Il campionato che tutti dicono di voler portare a termine (ma è davvero così?) e che nessuno ha il coraggio di riconoscere, almeno pubblicamente, come e quanto finirebbe per essere ridicolo. E sbagliato. E persino la negazione stessa dei principi sportivi. In questo senso chiarissimo è già stato Gabriele Gravina, presidente della Figc: "Non sarò io il becchino del calcio italiano", ha detto. Della serie: lo faccia qualcun altro, il becchino. E in ogni caso complimenti per la sensibile e azzeccata metafora utilizzata, in questo momento tragico e dolorosissimo per tutti.
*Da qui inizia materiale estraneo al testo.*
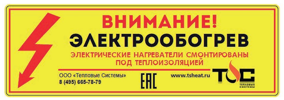 Все обогреваемые объекты в обязательном порядке должны быть промаркированы оповещающими табличками о применении системы электрического обогрева..
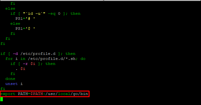 Next,we are going to add the Go directory path to our environment variables so that the system can catch GoLang codes. You can add the Go directory path to either the /etc/profile file for the system-wide installation or the $Home/.profile file specifically defined for the current user’s installation. Using a source code editor, open the /etc/profile file as follows:
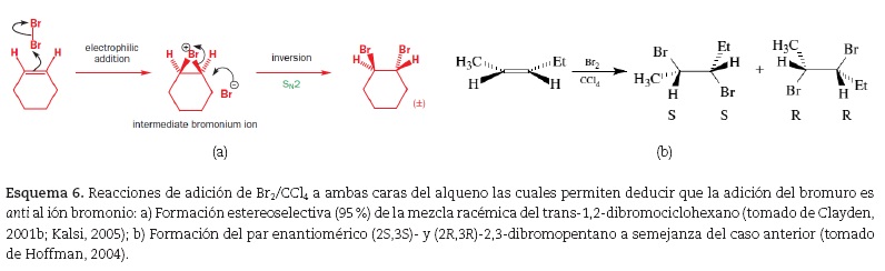 Por otro lado, se pudo deducir que la estereoquímica de la adición es anti al ión bromonio en compuestos con rotación limitada en la cadena de carbonos (esquema 6a) o en compuestos con una estereoquímica conocida como en el caso de la adición de Br2/CCl4 al (2Z)-pent-2-eno, en el que la formación del ión bromonio en ambas caras del doble enlace produce la mezcla 1:1 de (2S,3S)-2,3-dibromopentano y (2R,3R)-2,3-dibromopentano, pero no el par (2R,3S)/(2S,3R) que correspondería a la formación del carbocatión con giro más o menos libre en torno al enlace C2-C3 (esquema 6b).

Domani in Italia inizia la Fase 2: un concentrato di rischi necessari e pericoli non più rimandabili. Oltre 4 milioni e mezzo di lavoratori faranno le prove generali per vedere quel che resta e cosa resta di molte attività. Con l'incognita di come si muoverà chi deve utilizzare i mezzi pubblici, come si gestisce uno spazio lavorativo che deve assecondare normative e regole nuove, necessarie, vitali. Con l'incognita di quella curva del contagio da tenere sotto costante monitoraggio per verificare cosa succede, per decidere se si possa andare avanti con la fase di graduale ritorno alla normalità o se, invece, fermi tutti si torna indietro.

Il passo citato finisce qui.